Il giudizio non nasce più da principi universali, ma dall’appartenenza a una tribù geopolitica. Ciò che in un caso è etichettato come “aggressione”, in un altro diventa “intervento legittimo” ... L’imperialismo è un vizio solo quando lo praticano i nemici: se lo compie un alleato, diventa improvvisamente un esercizio di civiltà. È in questa farsa semantica che si rivela il nuovo ordine: non più il diritto, ma il branco.
Così non stupisce che gli Stati Uniti possano commettere atti simili — o peggiori — di quelli imputati alla Russia, senza che nessun altare mediatico o politico osi profanare la loro aura. Lo ha ammesso persino l’ex ambasciatore Giampiero Mascolo: «Bisogna ammettere che il double standard esiste ed è molto difficile paragonare le singole situazioni, perché ciascuna riflette un contesto specifico delle relazioni internazionali, dove non esistono buone intenzioni, ma interessi che si contrappongono o si combinano».
Insomma, condanniamo Putin per gli stessi peccati che assolveremmo a Washington, non per amore del bene, ma per la rassicurante coincidenza dei nostri interessi con i loro.
Il divario tra diritto e potere si apre come una ferita che nessuno vuole vedere. L’universalità, già moribonda, lascia spazio alla logica di clan: la legittimità non nasce da norme, ma da chi ha la forza di imporle. Che il diritto sopravviva o muoia, conta poco: ciò che decide è la potenza nuda, senza alibi.
Rimane solo il gioco brutale della potenza. La giustizia diventa un ornamento, un velo tirato in fretta per coprire l’interesse del momento.
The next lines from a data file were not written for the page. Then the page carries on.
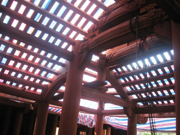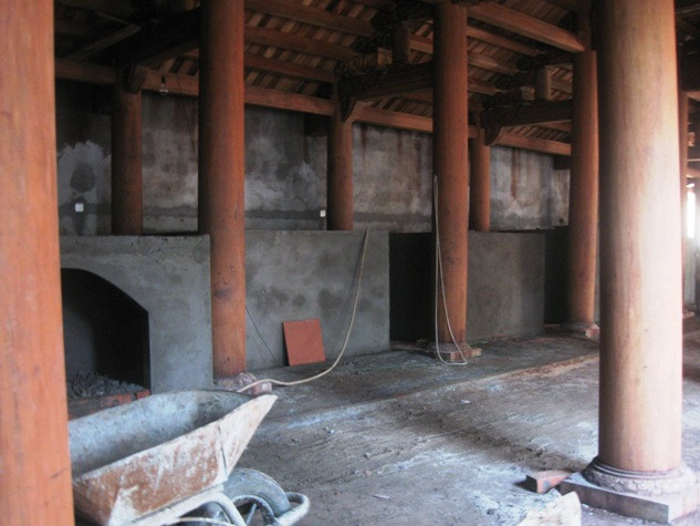 | Những phần của chùa Trăm Gian được xây mới lại kiên cố với những cột từ gỗ Lim. |
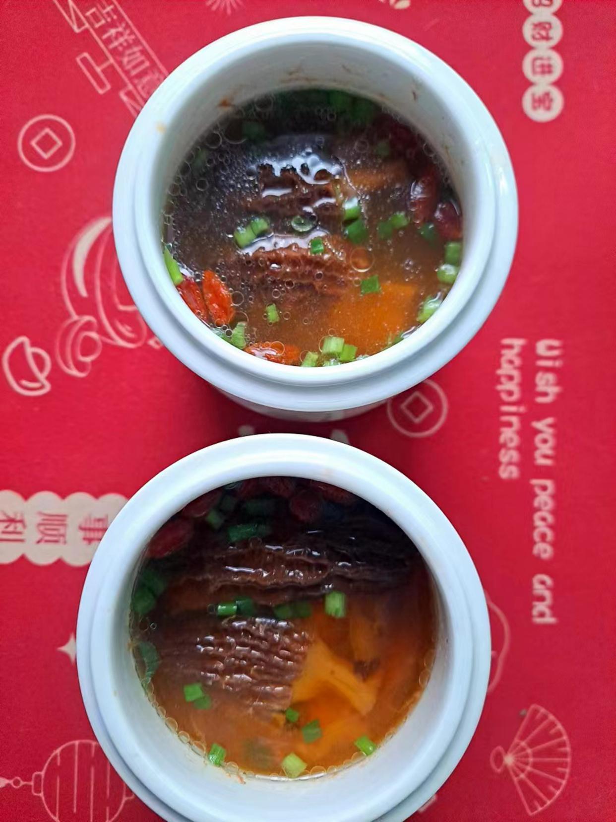秋天少不了貼秋膘,表弟還特意燉了他老婆愛喝的羊肚菌瘦肉湯,加了枸杞和香蔥的點綴,營養好喝又好看。不得不說,表弟對他老婆,還是很貼心的。
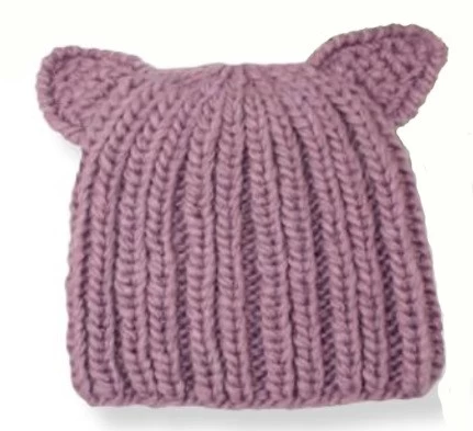 Knit pussy cat hat in mauve pink.

Non significa che tutto debba finire nel sangue, ma significa che il confine tra giusto e ingiusto evapora come un’illusione infantile. È l’idea stessa di una "umanità comune" a incrinarsi, come se non fosse mai stata altro che un malinteso.
E così ritorniamo a una mentalità tribale: lealtà alla propria fazione, verità sacrificata sull’altare del gruppo, ragione messa all’angolo. La polarizzazione ci restituisce all’età della clava. Nel frastuono della rissa globale, nessuno ascolta più argomenti: si cerca solo chi colpire.